US President Barack Obama and Cuban President Raul Castro held the first face-to-face talks between US and Cuban leaders since 1956 in Panama City on Saturday, vowing to pursue their historic effort to bury Cold War-era enmity.
Sitting together in a room with a blue carpet, Obama thanked Castro for his “spirit of openness and courtesy” during their interactions, while the Cuban leader stressed that the negotiations would require patience.
Obama also sought to calm tensions with another leftist nation and a Cuban ally, speaking briefly with Venezuelan President Nicolas Maduro for the first time, telling him Washington did not seek to threaten Caracas.
Photo: AFP/ VENEZUELAN PRESIDENCY
The Obama-Castro meeting, which lasted more than an hour, was the climax of their surprise announcement on Dec. 17 last year that, after a year-and-a-half of secret negotiations, they would seek to normalize relations that were broken off in 1961.
“This is obviously a historic meeting,” said Obama, who spoke first after they sat down in polished, wooden chairs for their talks on the sidelines of the 35-nation Summit of the Americas in Panama City.
“We are now in a position to move on a path toward the future,” he said, adding that the immediate task is to reopen embassies.
Castro, 83, broke into a smile when Obama acknowledged that the two sides would continue to have differences on human rights and other issues.
After Obama spoke, the two men stood up and shook hands.
Saying he agreed with everything Obama said, Castro acknowledged that the two governments can still have differences, but “with respect of the ideas of the others.”
“We are willing to discuss everything, but we need to be patient, very patient,” Castro said. “We already expressed to some American friends on other occasions that we are willing to talk about everything.”
When Castro said he hoped the US and Cuban delegations would listen to their presidents’ instructions, Obama laughed.
The two leaders, who had spoken on the telephone in December last year and on Wednesday last week, shook hands again and reporters were ushered away ahead of a closed-door discussion.

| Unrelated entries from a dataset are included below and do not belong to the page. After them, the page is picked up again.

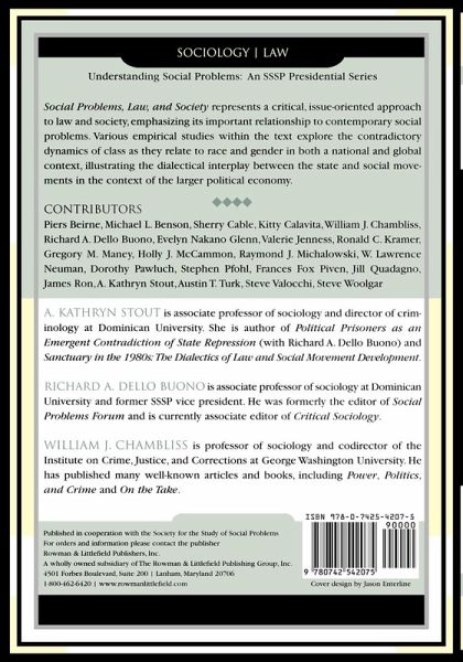William J. Chambliss is professor of sociology and codirector of the Institute on Crime, Justice, and Corrections at George Washington University. He is a pioneer in the field of critical criminology and former president of the Society for the Study of Social Problems (SSSP) and the American Society of Criminology (ASC). Chambliss has published many well-known articles and books, including Power, Politics and Crime and On the Take. Richard A. Dello Buono is associate professor of sociology at Dominican University and former SSSP vice-president. He was visiting professor of political studies and international relations at the National University of Colombia in Bogota, Fullbright Professor at the University of Panama, and invited Graduate Studies Professor at both the University of Havana, Cuba, and at the Autonomous University of Zacatecas, Mexico. Dello Buono was formerly the editor of Social Problems Forum and is currently an associate editor of Critical Sociology. A. Kathryn Stout is associate professor of sociology and director of criminology at Dominican University. She is active in the Society for the Study of Social Problems, the American Society of Criminology, and various scholar-activist and social justice organizations. Specializing on the intersection of law and social movements, she is author of "Political Prisoners as an Emergent Contradiction of State Repression" (with R. A. Dello Buono) and Sanctuary in the 1980s: the Dialectics of Law and Social Movement Development.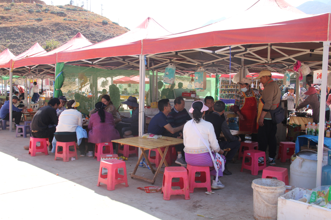 春节期间东坡乡每日游客数量约1.5万人次,整个春节假日经济突破150万元,同比增长50%。大年三十前一天正好是东坡乡的固定赶集日,这天无论是最后一批返乡人员还是提前回到家一大早就开着车子来备年货的人们都聚集到集市。当天工作人员一大早就到集市各路口做好交通疏导工作,疏导车辆800多辆,集市上生鲜瓜果肉蛋几乎全部售空,各类小吃摊、餐馆饭店客流如织,仅赶集日当天各类销售额约达75万元,同比去年同期增长25%。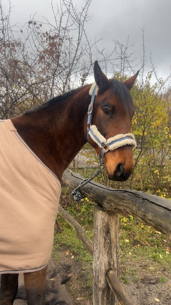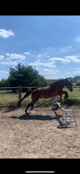 6 Jähriger Wb Wallach Wegen Umzug und einer Unfalls,sowie persönlichen Gründen muss ich mich von meinem Wallach der mich seit 4,5 Jahren begleitet verabschieden. Steht nun wochenlang,wurde davor gearbeitet vom Boden. Er kennt reitergewicht schritt,Trab ,Galopp. Wurde nie richtig gefestigt. Er ist unglaublich Schlau,ist jedoch schreckhaft aber immer Händelbar. Er ist neugierig und will alles anschauen. Stockmaß 1,64m geschätzt. Er hat Probleme mit offenen Reitplatz,geht super gern ins Gelände und währe was fürs Turnier. Die Vorfahren haben Trakehner sowie Vollblut Anteil. Er is also nicht von der dicken Sorte. Steigt,beißt ,tritt nicht. Kein Anfängerpferd,nichts für Händler oder Schulbetriebe. Ich erzähle privat gern mehr. Probereiten ist NICHT möglich. Ihm fehlt die Muskulatur. Umzug findet nächsten Monat statt,daher könnte es zwecks kennenlernen etwas dauern.

Obama told reporters later that the conversation was “candid and fruitful,” and that he did not shy away from telling Castro that Washington would keep airing concerns about democracy and human rights.
They had both already made conciliatory speeches moments earlier during the summit, sitting at an oval table with about 30 other regional leaders.
Addressing the leaders, Castro declared: “President Obama is an honest man.”
Such words would have been unimaginable in the days that his brother, former Cuban president Fidel Castro, was at the helm from 1959 until an illness sidelined him in 2006.